The supremely accomplished Abbas Ali Khan returns to Season 7 with a foreboding, epic rendition of a Sufi kalam. ‘Mujhe Baar Baar’ was written by the contemporary Sufi poet, Hazrat Baba Gulzar Sabri, and Abbas has performed it in his 2014 album, Tamam Alam Mast. The song speaks out against the rigid notions of orthodoxy, and the idea of compulsion in faith. The poet speaks of the untainted, transcendental nature of his faith which is based in unconditional love of the Almighty. The idea of faith as an obligation appears antithetical to the one who has annihilated his desires for the one true Love. The composition for this track is partly based on Raag Darbari, which originated in southern India and was brought to the North Indian tradition by the legendary Tansen, composer to Akbar the Great. A grave raag played in the deep of the night; it showcases the gravity inherent in the song. For the Coke Studio version, Abbas Ali Khan is joined by the acclaimed guitarist Shallum Xavier. Both his work and that of the strings section add a contemporary flavour to the song’s inquisitive, introspective ecstasy. The various streams of sound work towards a memorable crescendo of the chorus, with Abbas Ali Khan joining in with delicately phonated vocal ornamentations adorning the tapestry created primarily by stringed instruments.

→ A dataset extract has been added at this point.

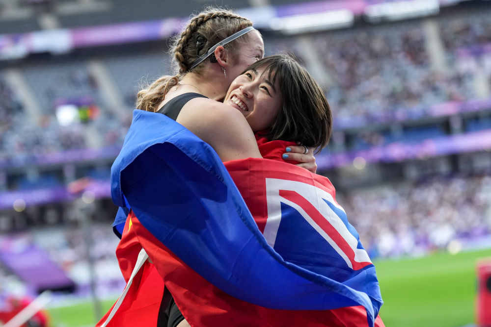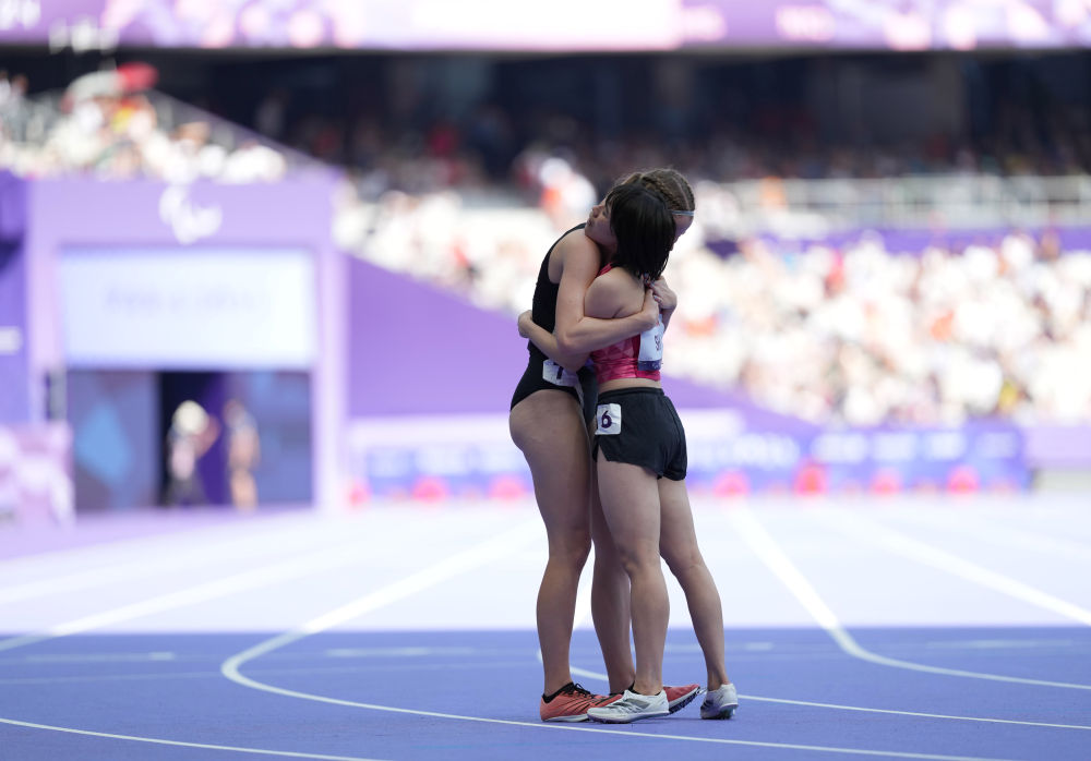 ↑9月1日,田径女子200米T36级冠军中国选手史逸婷(右)在比赛后与获得亚军的新西兰选手艾奇逊拥抱。新华社记者 贺灿铃 摄

Born to two professors of political science, Jawad Ahmad’s musical career is testament to his commitment to infusing his songs with the progressive politics and emancipatory spiritualism he believes in. ‘Mitti da Pehlwan’ is a song which mocks humanity’s obsessions with its own facile creations, and reminds it of how life is transitory. Mitti, or dust, is used as a metaphor across the song, referring to the belief that human beings are created from clay as well as the transitory nature of getting blown away as mere dust, as time moves on and we are no more. Jawad’s performance specifically retains the populist flavour of the song and its message. Such songs are the hallmark of folk and rural performances, and use common language and expressions to convey profound spiritual ideas. The listener is both ridiculed and entreated, and the marvel of the lyrics lies in their usage of the same words to deliver profound concepts. The arrangement of this song is also one of the most original ones of the season, bringing together a bossa nova percussive style with flourishes of funk and pop in the melody. It retains the gregarious nature of the performance, and adds a light, almost flippant and dismissive feeling when the gravity of the message delivered is dramatically juxtaposed with the musical styling of this decidedly versatile, Punjabi song.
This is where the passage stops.